Все без исключения иконы "плакали". Процесс был обильный, такой, что под каждой иконой скопились целые лужи мира. Николай дотронулся пальцем до ручейка на иконе Николая угодника. Жидкость напоминала масло. Понюхав ее, он не смог точно определить, чем же она пахнет. Что-то легкое и неуловимое, напоминающее ладан. Сзади к нему опять подошел Василий. Он совсем недавно стал служить в его храме. В тонкостях православия молодой священнослужитель не был искушен. Николай учил его, каждый раз, находясь в храме. Дьякон не знал элементарных вещей. Правда, надо признать тот факт, что дьякон не заканчивал духовную семинарию, а пришел из мирского института.

- Батюшка, а что вообще такое мироточение? Что нам о нем говорят святые отцы?

- В "Полном церковнославянском словаре" Дьяченко сказано, что эпитет мироточивый означает: "источающий чудотворное миро во исцеление болезней". Однако мироточение само по себе не является фактом, на основании которого икона считается чудотворной. Само же источаемое иконой или мощами миро почитается Церковью чудотворным. Так, мира от мощей Димитрия Солунского набирали даже мусульмане, считавшие его медицинским снадобьем от любых болезней. Священное Писание же не сообщает ничего о мироточении, все упоминания о данном явлении содержатся только в Священном Предании. Наиболее ранним сообщениями о мироточении являются благовонное миро из гробницы апостола Иоанна Богослова, он исходит ежегодно. Потом говорят о мироточении мощей апостола Филиппа. Много сообщений об обильном мироточении мощей Дмитрия Солунского. В Бари, в крипте базилики, где хранятся мощи святого Николая, мироточение происходит постоянно. Священники ежегодно извлекают миро через небольшое отверстие в крышке гробницы.

- Так это выходит большое чудо?! Благословение Господне?

- Не нужно сильно заострять внимание на этом процессе, как на чуде. Ну, есть и есть, и, слава Богу. Много случаев, когда люди сами симулируют мироточение. Более того, есть опасность, что кому-то хочется прославиться, и он симулирует это. Ну и ладно! Даже то, что есть такие дураки, которые делают это - тоже чудо во славу Божию! Я вот знаю, что признанные и почитаемые на Руси иконы ни разу не мироточили. Обычно "плачут" лишь новые иконы и те, которые стоят в частных домах.

- Батюшка, а как же наш храм? Разве кто-то мог это инсценировать?! Разве то, что происходит у нас на глазах, не является чудом?!

- Ох! Не знаю, Василий! Не знаю! Не было такого на моей памяти! - разговаривая с дьяконом, отец Николай зажигал бензиновой зажигалкой толстые самые дорогие свечи и ставил их перед образами, крестясь и шепча молитвы. Если бы его спросили тогда, почему он не включил электрические лампы, то Николай не смог бы внятно ответить на этот вопрос.

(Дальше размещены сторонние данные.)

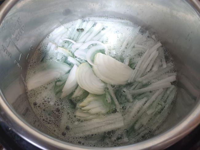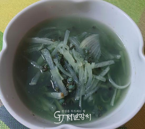 이제 다슬기국을 끓일 차례다. 무와 양파는 채로 썰고 마늘은 다진다. 솥에 다슬기 국물을 붓고 양파채, 다진 마늘을 넣어 끊이고 소금으로 간을 맞춘다. 그릇에 담아 부추가 있으면 약간 썰어 올리면 된다.

Вскоре весь храм озарился пламенем сотен свечей. В мерцающем и, несмотря на множество маленьких язычков, все же довольно тусклом свете "поп" и дьякон, стоя посреди храма, не переставали креститься. Николай внезапно остро почувствовал себя словно он Хома Брут перед отпеванием панночки. Не хватало только гроба посреди зала, а в нем молодой и прекрасной Натальи Варлей. Охватив весь храм взглядом, батюшка будто почувствовал, что все иконы смотрят на него и плачут. Вот-вот откуда ни возьмись, мог появиться летающий гроб. Чувство страха все сильнее и сильнее охватывало Николая Романцева.

- Пойдем отсюда, Василий, - шепотом произнес Николай, стараясь придать своему голосу больше уверенности.

- А как же это? - дьякон обвел рукой все вокруг.

- Это никуда не денется! Оно останется здесь! Пойдем! Надо что-то придумать, как нам быть утром.

- В смысле?

- Что в смысле?! Завтра придут прихожане, что они увидят?! Если они увидят это? Что произойдет с ними, с нами? Ты можешь мне сказать, как они воспримут случившееся? Нет?! Я тоже не берусь предсказать. Возможно, такое известие вызовет трепетное благоговение, а, возможно, обычную панику. Больные умом могут взбеситься, и что тогда?! Так вот поэтому мы должны что-то сделать, чтобы никто не узнал об этом! - настоятель почесал окладистую бороду. Он всегда так делал, когда был задумчив.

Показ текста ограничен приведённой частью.